EU: The mass of exports has fallen by 10% between 2016/17 and 2023/24. The 2023/24 mass of food and drink exports is 10% below the pre-pandemic figure for 2019/20.
Non- EU: The mass of exports has increased by 15% between 2016/17 and 2023/24 but is 0.4% below the pre-pandemic figure for 2019/20.
As highlighted above, alongside being the final year before the impact of COVID was felt, 2019/20 was also the final full year during which the UK was a member of the EU SIngle Market. Perishable goods exports are at particular risk when there are trade disruptions such as those which followed EU exit. For example the new requirements for checks on Scottish exports to the EU and the need for Export Health Certificates for animal and plant based goods are particular issues for perishable items with shorter shelf lives.
In a written submission to the CEEAC, Scotland Food and Drink highlighted the impact of new procedures on Scottish exporters to the EU following EU exit:
The TCA's provision for zero tariffs and quotas prevented immediate and significant trade barriers with the EU. However, the introduction of non-tariff barriers, such as customs checks and sanitary and phytosanitary (SPS) controls, has created logistical challenges and increased costs for Scottish exporters. The complexity of these new requirements has been particularly challenging for smaller producers, who are vital to the diversity and success of Scotland's food and drink sector
Scotland Food and Drink. (2024, March 27). Submission to the Constitution, Europe, External Affairs and Culture Committee about the EU-UK Trade and Cooperation Agreement (TCA).. Retrieved from https://www.parliament.scot/-/media/files/committees/constitution-europe-external-affairs-and-culture-committee/tca-scotland-food-and-drink.pdf [accessed 26 July 2024]
Scotland Food and Drink set out that the main impact had been on perishable goods such as seafood and meat and dairy which now faced delays and increased costs.
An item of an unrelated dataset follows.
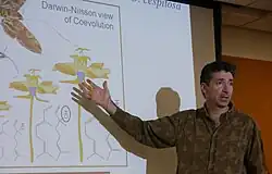 Dr. Robert Raguso delivering a lecture on Darwin's notion of plant pollination and coevolution with insects (2014).
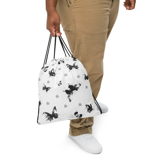 “Black+White Translucent Butterfly” L X V I Drawstring Bag

Quality Meat Scotland provided written evidence to CEEAC setting out the experience of Scottish meat exporters to the EU following EU exit:
The introduction of EU border controls on imports of red meat from Great Britain at the beginning of 2021 has had a lasting impact on export activity. Although HMRC trade statistics suggest that overall UK export volumes of beef and lamb to the EU have rebuilt to similar levels to the five-year average from before the Ccovid-19 pandemic, with beef volumes 4.2% lower and lamb shipments down just 0.2% compared to the 2015-19 average for the January to August period, the structure of trade has changed. For beef (HS 0201 & 0202), bone-in products have increased in share at the expense of boneless cuts, while for sheepmeat (HS0204), carcasses have increased their dominance of export volumes from 67.5% in 2015-19 to around 87% in 2023.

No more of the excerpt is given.